BEGIN DATA BELOW
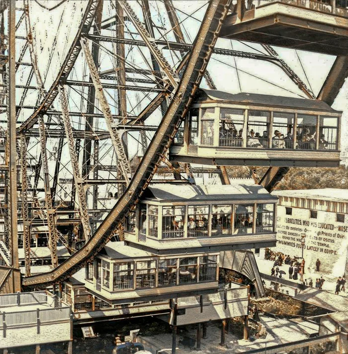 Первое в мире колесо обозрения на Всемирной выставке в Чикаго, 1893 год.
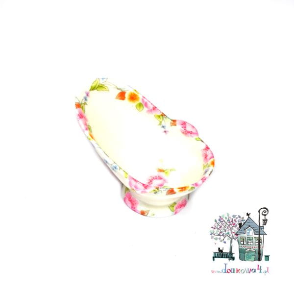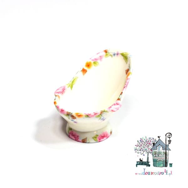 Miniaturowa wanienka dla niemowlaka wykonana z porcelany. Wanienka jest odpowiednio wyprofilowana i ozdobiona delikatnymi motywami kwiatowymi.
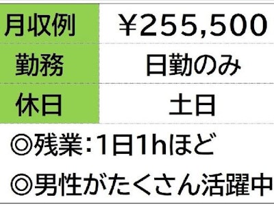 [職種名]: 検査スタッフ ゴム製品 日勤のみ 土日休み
END DATA BELOW
**WORK TO BE COMPLETED**
Return only the lines from the one that contains "Miniaturowa wanienka dla" through the closing line of the data, inclusive, reproduced exactly and with every picture left out.

**RESPONSE TO THE TASK**
 Miniaturowa wanienka dla niemowlaka wykonana z porcelany. Wanienka jest odpowiednio wyprofilowana i ozdobiona delikatnymi motywami kwiatowymi.
 [職種名]: 検査スタッフ ゴム製品 日勤のみ 土日休み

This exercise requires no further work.